▸ **Material for this exercise**
== == ==

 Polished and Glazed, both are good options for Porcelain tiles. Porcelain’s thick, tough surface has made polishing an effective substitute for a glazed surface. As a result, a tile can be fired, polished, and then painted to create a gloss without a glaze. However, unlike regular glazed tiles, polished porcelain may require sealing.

== == ==

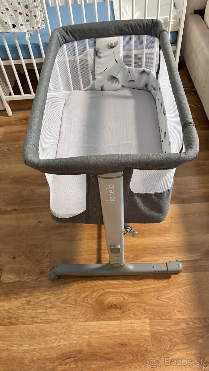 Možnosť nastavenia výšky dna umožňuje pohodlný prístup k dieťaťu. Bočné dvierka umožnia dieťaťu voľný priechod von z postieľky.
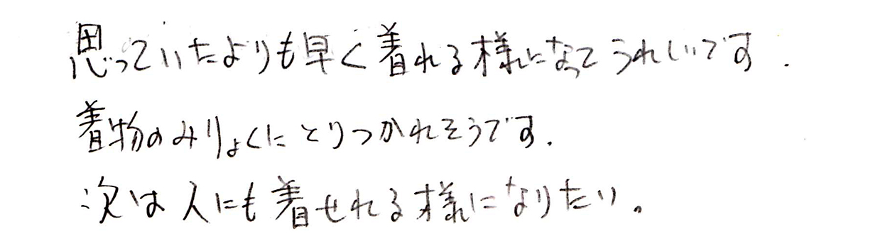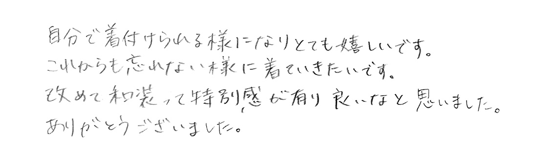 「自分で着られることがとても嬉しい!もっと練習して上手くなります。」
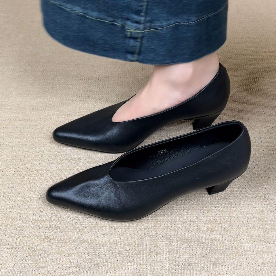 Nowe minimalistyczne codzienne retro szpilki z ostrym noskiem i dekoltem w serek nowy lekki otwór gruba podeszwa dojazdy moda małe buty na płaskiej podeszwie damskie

== == ==

Reproduce exactly, with no pictures, the lines above from the one holding "Možnosť nastavenia výšky" to the one holding "Nowe minimalistyczne codzienne", inclusive.

 Možnosť nastavenia výšky dna umožňuje pohodlný prístup k dieťaťu. Bočné dvierka umožnia dieťaťu voľný priechod von z postieľky.
 「自分で着られることがとても嬉しい!もっと練習して上手くなります。」
 Nowe minimalistyczne codzienne retro szpilki z ostrym noskiem i dekoltem w serek nowy lekki otwór gruba podeszwa dojazdy moda małe buty na płaskiej podeszwie damskie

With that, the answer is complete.